Sur une île battue par les vents au nord de l’Écosse, une étudiante fait une découverte qui ravive les échos d’un passé viking oublié. Une tête en pierre vieille de 900 ans ressurgit des terres, avec un regard figé, presque vivant. Que faisait-elle là ? Qui représentait-elle ? Et pourquoi ce nez brisé ?
Une sculpture millénaire découverte par hasard dans les terres viking de Rousay
L’été 2025, sur l’île de Rousay, dans l’archipel des Orcades. Le site de la ferme de Skaill bruisse des discussions d’archéologues, les mains dans la terre, à la recherche de vestiges.
C’est là que Katie Joss, étudiante en archéologie, retourne une pierre rougeâtre. Elle pense d’abord à un fragment anodin. Cependant, en y regardant de plus près, elle se fige : un visage sculpté la regarde.
Cette tête en grès rouge, probablement taillée au XIIᵉ siècle, présente des traits étonnamment expressifs, des sourcils asymétriques, un regard plissé, presque amusé. Le nez, lui, a été brisé net. Ce détail troublant pourrait signaler un acte de vandalisme symbolique. Ou peut-être s’agit-il de la destruction volontaire d’une figure religieuse, hypothèse que les archéologues n’écartent pas.
Le grès, provenant sans doute de l’île voisine d’Eday, réputée pour son grès rouge chaud, était fréquemment utilisé dans les constructions médiévales. Ainsi, cette ressource locale témoigne d’un artisanat enraciné dans le paysage insulaire. En ce sens, elle participe à dessiner les contours d’un passé longtemps resté muet.

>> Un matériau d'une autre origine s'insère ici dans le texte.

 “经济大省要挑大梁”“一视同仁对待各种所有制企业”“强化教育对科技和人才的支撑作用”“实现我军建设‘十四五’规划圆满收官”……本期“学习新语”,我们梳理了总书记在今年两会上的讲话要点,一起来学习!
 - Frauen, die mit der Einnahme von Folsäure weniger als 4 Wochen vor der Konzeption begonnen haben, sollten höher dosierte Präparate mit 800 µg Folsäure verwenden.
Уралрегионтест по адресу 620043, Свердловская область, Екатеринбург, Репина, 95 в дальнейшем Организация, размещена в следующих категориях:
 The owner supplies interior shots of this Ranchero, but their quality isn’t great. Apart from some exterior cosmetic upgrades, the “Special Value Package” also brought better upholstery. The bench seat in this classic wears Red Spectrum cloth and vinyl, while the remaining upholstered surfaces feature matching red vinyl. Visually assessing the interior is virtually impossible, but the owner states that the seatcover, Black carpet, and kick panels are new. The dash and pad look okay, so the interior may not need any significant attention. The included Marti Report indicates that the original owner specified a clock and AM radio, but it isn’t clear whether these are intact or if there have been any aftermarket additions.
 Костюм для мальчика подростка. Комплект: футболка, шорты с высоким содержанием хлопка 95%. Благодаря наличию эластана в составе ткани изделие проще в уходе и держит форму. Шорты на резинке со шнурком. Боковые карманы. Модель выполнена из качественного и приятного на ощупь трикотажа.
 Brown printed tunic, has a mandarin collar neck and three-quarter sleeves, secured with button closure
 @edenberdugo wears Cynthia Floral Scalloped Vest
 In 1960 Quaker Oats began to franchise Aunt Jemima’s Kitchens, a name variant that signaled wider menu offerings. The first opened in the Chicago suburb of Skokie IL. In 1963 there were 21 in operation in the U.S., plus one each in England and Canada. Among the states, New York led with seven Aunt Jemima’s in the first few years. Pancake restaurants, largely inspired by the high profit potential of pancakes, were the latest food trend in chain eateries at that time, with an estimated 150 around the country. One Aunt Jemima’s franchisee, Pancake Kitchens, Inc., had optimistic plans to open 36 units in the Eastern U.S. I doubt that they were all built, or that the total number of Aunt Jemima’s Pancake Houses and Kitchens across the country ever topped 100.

La cathédrale Saint-Magnus et les influences croisées du monde nordique médiéval
La cathédrale Saint-Magnus, joyau d’architecture romane du nord de l’Écosse – © Rob Farrow / Wikimedia Commons
Les Orcades, ancien bastion viking, regorgent de mystères archéologiques. L’île de Rousay, surnommée « l’Égypte du Nord », compte plus de 150 sites anciens. La tête de Skaill pourrait bien avoir appartenu à un bâtiment religieux disparu, ou être liée à une figure importante comme Sigurd de Westness, chef viking du XIIᵉ siècle.
À ce titre, elle constitue une pièce maîtresse pour comprendre les influences croisées qui ont modelé l’identité de l’archipel. La similitude frappante avec une autre sculpture ornant la cathédrale Saint-Magnus de Kirkwall intrigue particulièrement les experts.
Même mèche de cheveux, même style artistique, même type de pierre. Dès lors, l’hypothèse d’un atelier commun ou d’une tradition régionale de sculpture gagne en crédibilité. De plus, elle ouvre également la voie à de nouvelles recherches sur les liens entre les centres de pouvoir religieux de l’époque.
Mais une énigme subsiste : comment une œuvre datant du XIᵉ ou XIIᵉ siècle a-t-elle fini enfouie dans un remblai du XVe siècle ? A-t-elle été réutilisée comme matériau ? Cachée intentionnellement ? Ou simplement oubliée, jusqu’à ce que le hasard la rende à nouveau visible ?
Ces questions, bien que déroutantes, donnent toute sa richesse à l’enquête archéologique.
Une énigme silencieuse au regard figé qui relie deux mondes
Une tête en grès rouge récemment exhumée lors de fouilles archéologiques au Royaume-Uni – © UHI Archaeology Institute
« En la retournant, nous avons vu un visage nous regarder », confie Katie Joss, encore émue par sa trouvaille. Et ce visage n’a pas fini de poser des questions. Pour les archéologues, cette découverte dépasse le simple cadre d’un artefact.
Elle devient un véritable trait d’union entre deux époques, entre l’art sacré et les mémoires profanes, entre la culture nordique et l’héritage britannique.
Un simple fragment de pierre. Pourtant, un fragment qui raconte une histoire plus vaste, plus dense, plus humaine. En un regard figé, il nous invite à réinterroger ce que nous croyons savoir de notre passé commun.
Et, peut-être, à découvrir que les civilisations ne meurent jamais tout à fait : elles nous observent encore, silencieuses, depuis les strates de l’histoire.